ASSIGNED TASK: Beginning with the top line of the listing below, give again every line up to and including the line with "YDN Brown Pumps"; pictures do not belong in the copy.

EXERCISE INPUT:
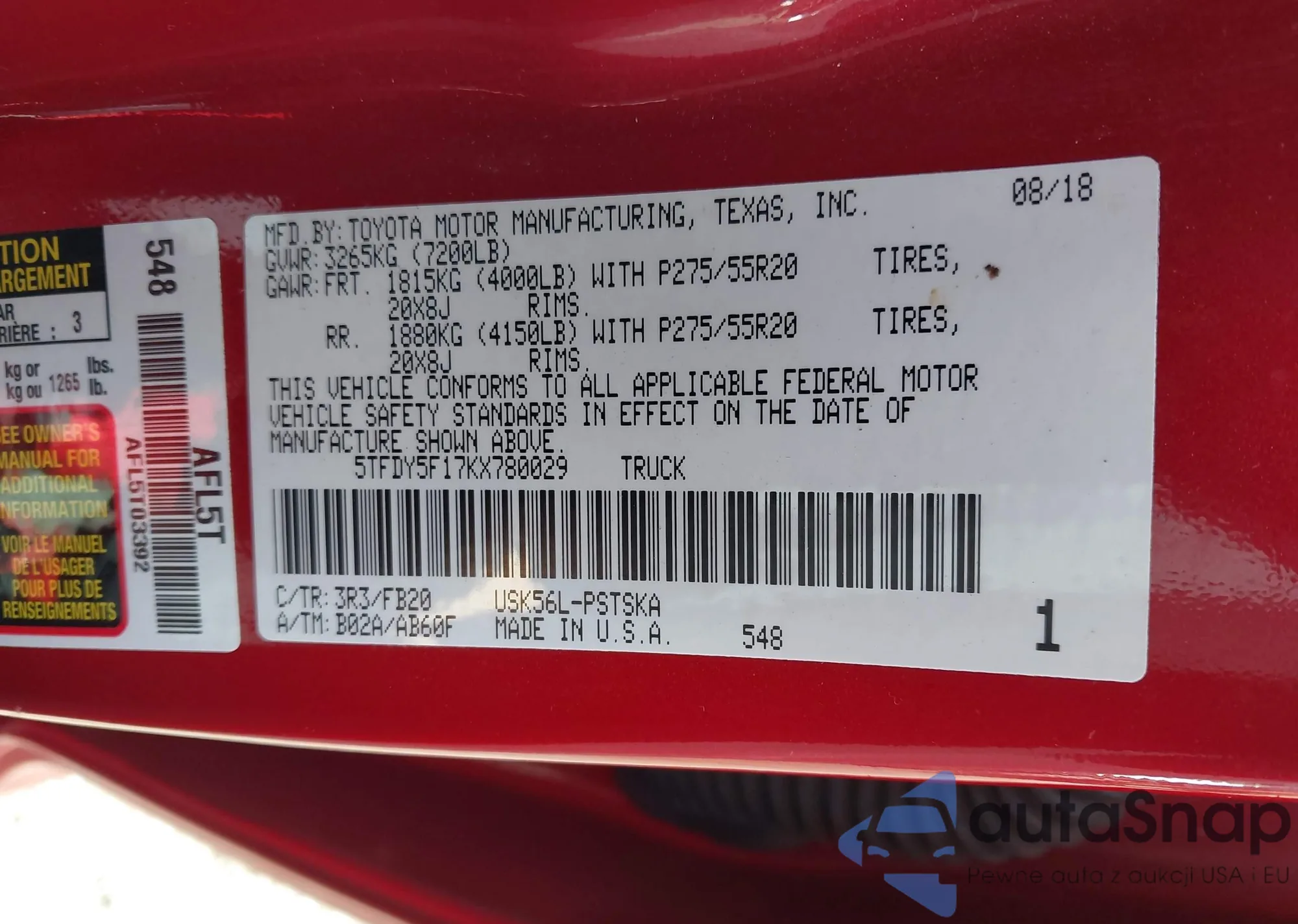 • VIN 5TFLA5DB2SX306758
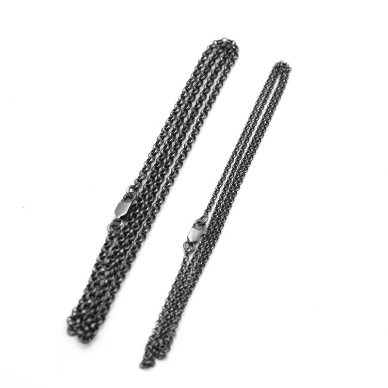 Aquesta és una cadena tipus rolo amb tanca de mosquetó, plata enforquida. La tinc disponible en dos gruixos, així com en diferents longituds: 40, 45, 50 o 60 cm.
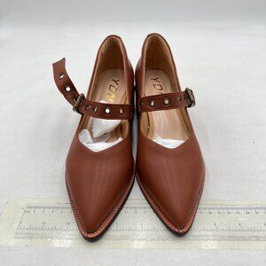 YDN Brown Pumps Pointed Toe Mary Jane Chunky Heels Loafers Hollow Buckle Shoes Party Shopping Evening
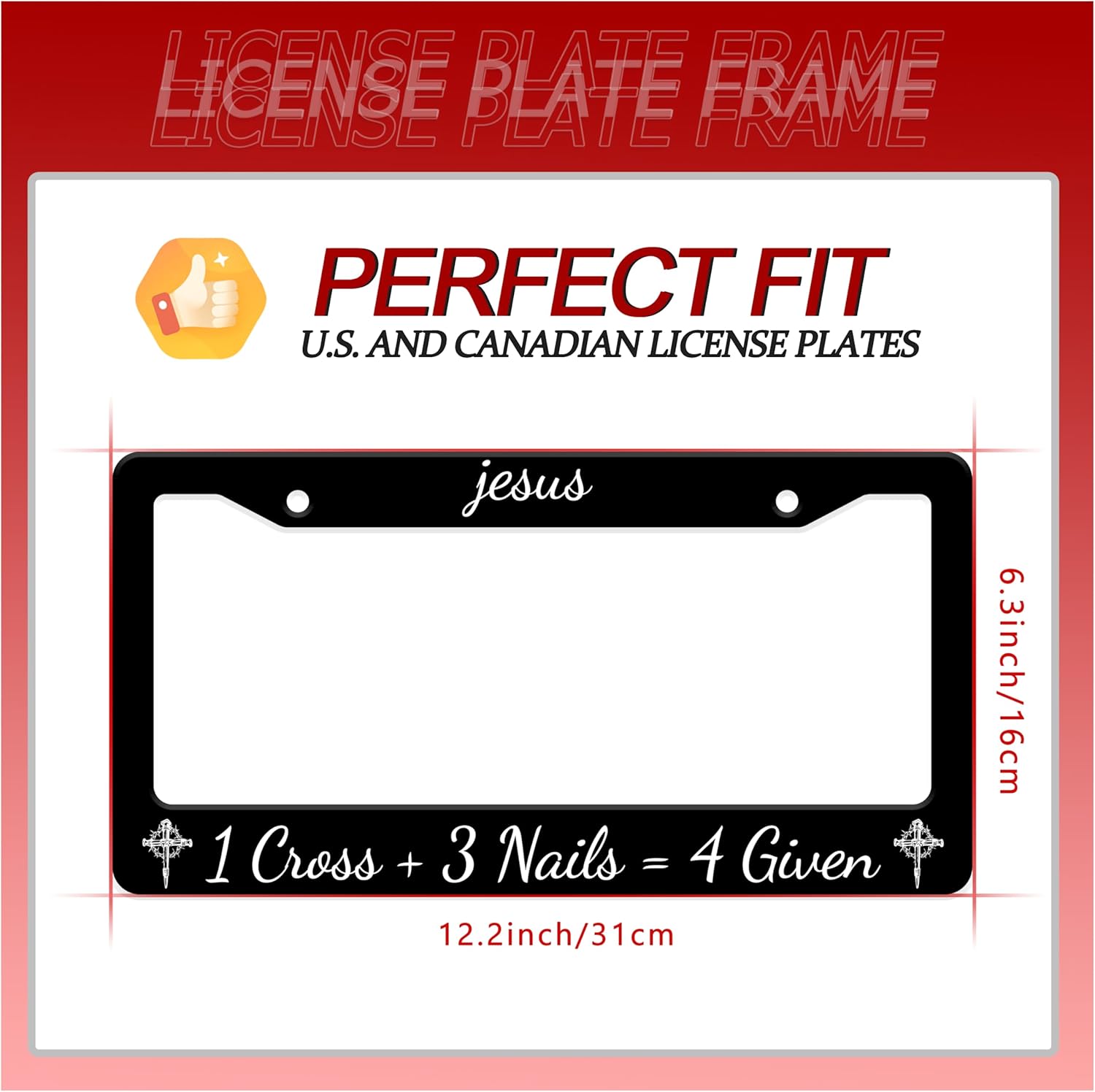 - 【Standard License Plate Size】:Our license plate frame size is 12.2 x 6.3 inches. This license plate frame will fit most of the standard license plates in the United States and Canada, and perfectly match your car license plate accessories.
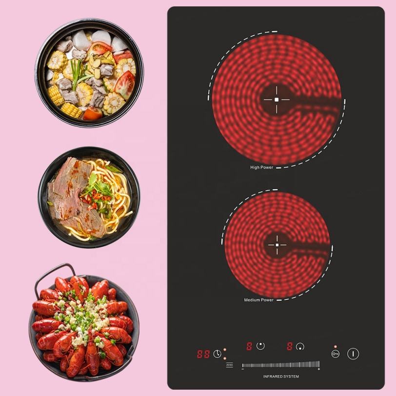 Table de cuisson électrique encastrable à infrarouge céramique 2 brûleurs avec contrôle tactile par capteur 3KW
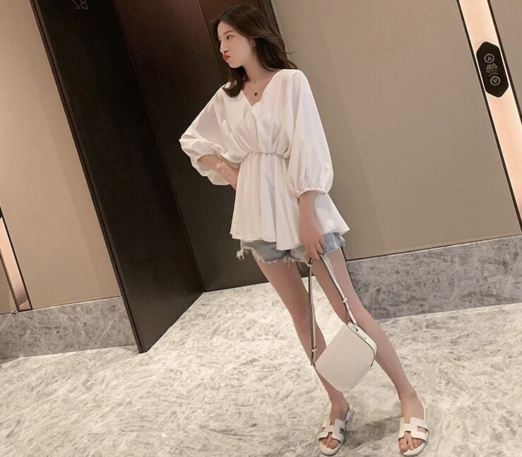 女性らしさがでるゆったりとした大人ペプラムブラウス。
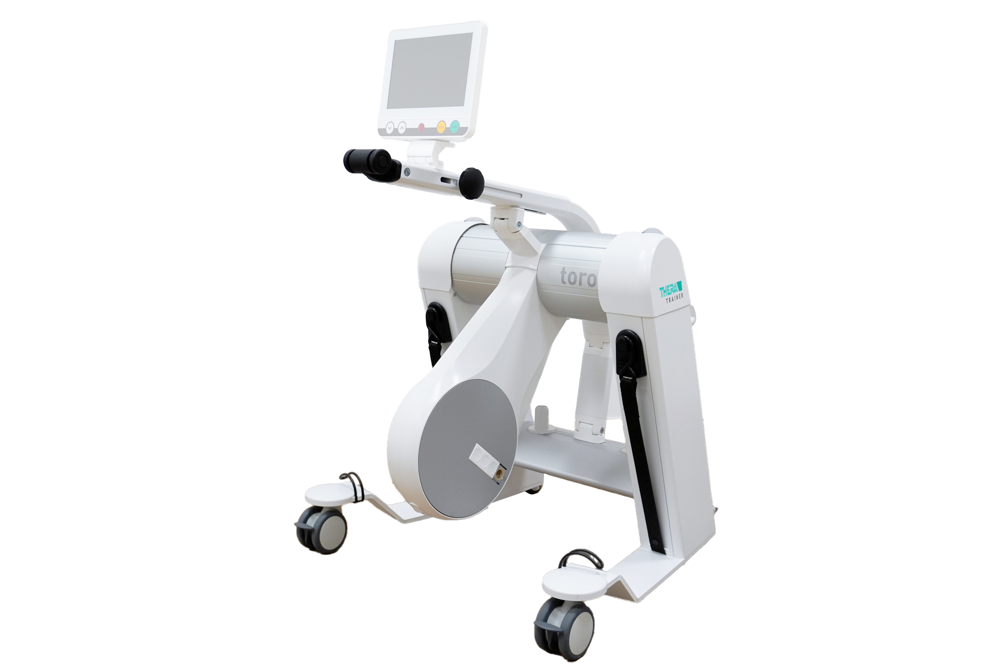 Το THERA‑Trainer toro είναι ένα στατικό ποδήλατο, κατάλληλο για ενεργητική, βοηθούμενη ή παθητική εκγύμναση των άνω και κάτω άκρων του σώματος. Με έναν ισχυρό κινητήρα και τις ευέλικτες ρυθμίσεις, το toro προσφέρει εκπαίδευση σε ένα ευρύ φάσμα ασθενών – από πολύ αδύναμους έως ιδιαίτερα δραστήριους, από χαμηλόσωμους έως μεγαλόσωμους. Είναι το απόλυτο σύστημα ποδηλατικής αποκατάστασης – σχεδιασμένο αποκλειστικά για επαγγελματίες υγείας που απαιτούν τα καλύτερα.
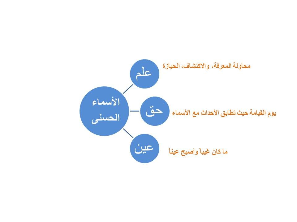 قد تعني علم بمعنى عرف، وترك أثر، وقد يتعلق العلم بالصفات والمعرفة بالذوات، لذلك العلم بصفة الشيء وحكمة بالكليات والمعرفة بالجزئيات وبالذات. لذلك فعلم الأسماء الحسنى الذي نحاول عن طريقة أن نتعلم ونفهم عن صفات الله وقدراته وسلطته المطلقة، وتوسيع مفاهيمنا فيها، واوجه تطبيقنا لها والعمل بها، وبعد تجنبنا لمعرفة ذات الله سبحانه وتعالى، نتعلم الجزئيات الخاصة بالأسماء الحسنى التي نقصد بها ما يدور حول الأسماء الحسنى من كلمات ومواقف ذكرت فيها الأسماء الحسنى من الأسماء كلها التي وردت في القرآن الكريم، والتي تعلمنا كيف يمكن أن نطبق هذا الاسم ونتعمق في فهمه، ويزيد إيماننا بالله سبحانه وتعالى، ويقيننا به يقيناً كاملاً.
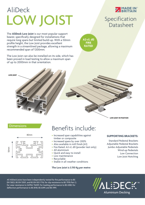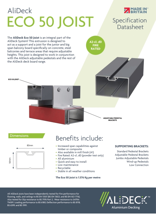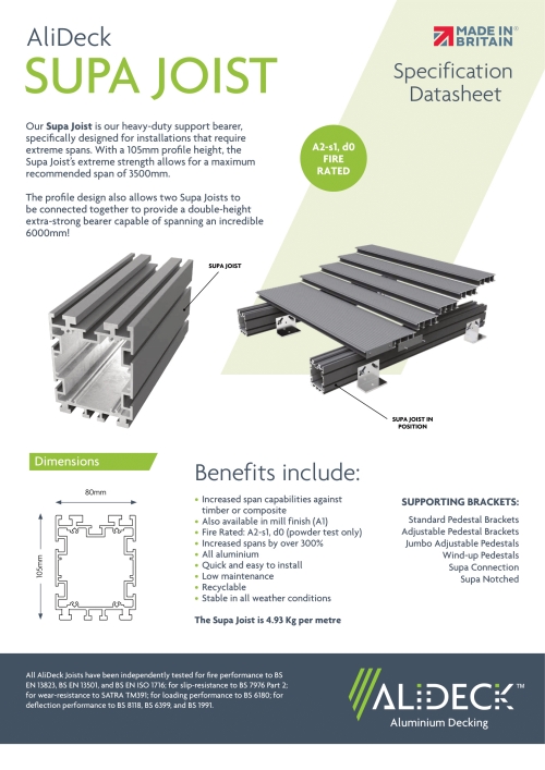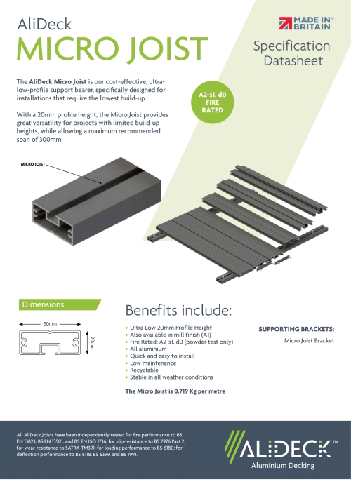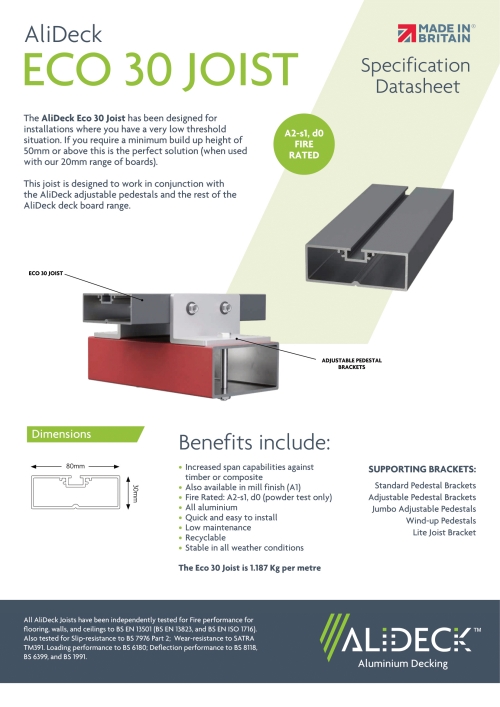 The AliDeck System is a fully-tested, certified, and compliant range of products. With a host of 20mm and 30mm decking boards available in flat or ridged specification, along with a range of support joists, the AliDeck System is suitable for all walkway or rampway applications.
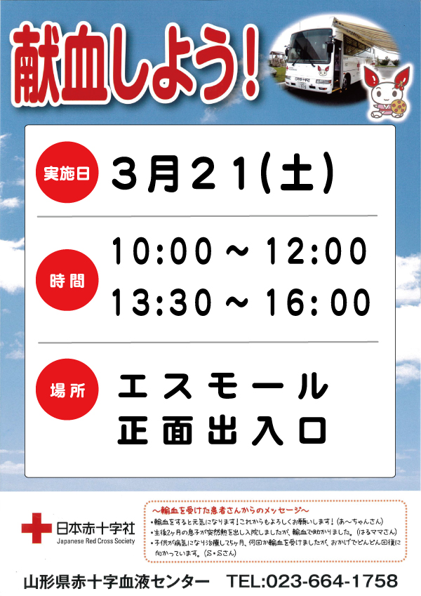 献血バスがきます!
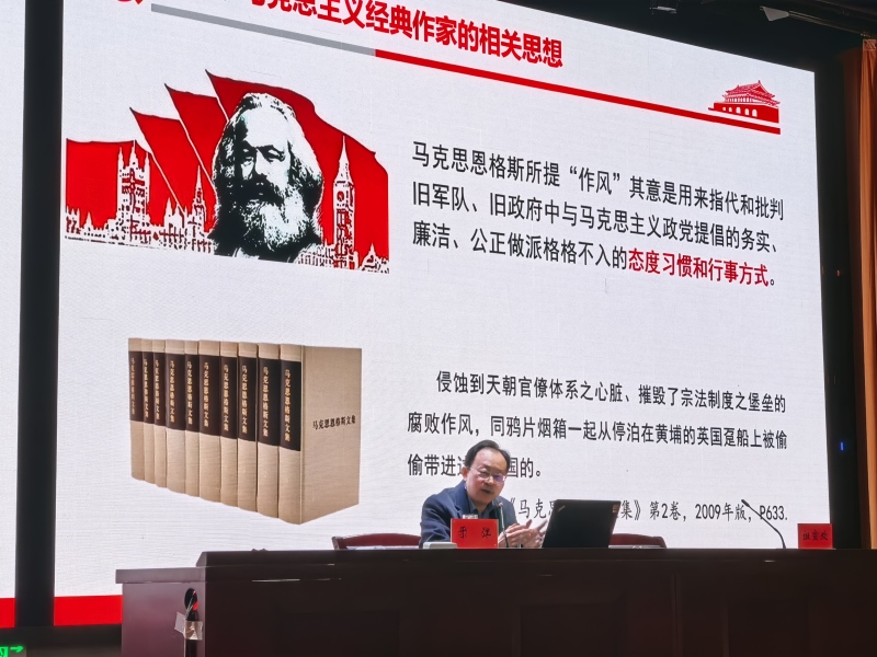25日下午,市委党校政社教研室副主任、副教授于江作《深入学习贯彻中央八项规定精神,持之以恒推进作风建设》专题讲座。于教授结合具体实例从多维度展开,既深入解读了“风清则气正”的作风建设意义,明确“‘真’减负、‘强’执行、‘重’实干”的实践路径;也细化分析了调查研究方法,强调以“实事求是”的态度解决问题;同时还以周恩来总理十条家规为示范,阐释廉洁自律、不搞特殊化的作风标杆,并结合理想信念与道德修养要求,引导党员同志以“徙木立信”的态度践行使命担当。

EXERCISE OUTPUT:
 • VIN 5TFLA5DB2SX306758
 Aquesta és una cadena tipus rolo amb tanca de mosquetó, plata enforquida. La tinc disponible en dos gruixos, així com en diferents longituds: 40, 45, 50 o 60 cm.
 YDN Brown Pumps Pointed Toe Mary Jane Chunky Heels Loafers Hollow Buckle Shoes Party Shopping Evening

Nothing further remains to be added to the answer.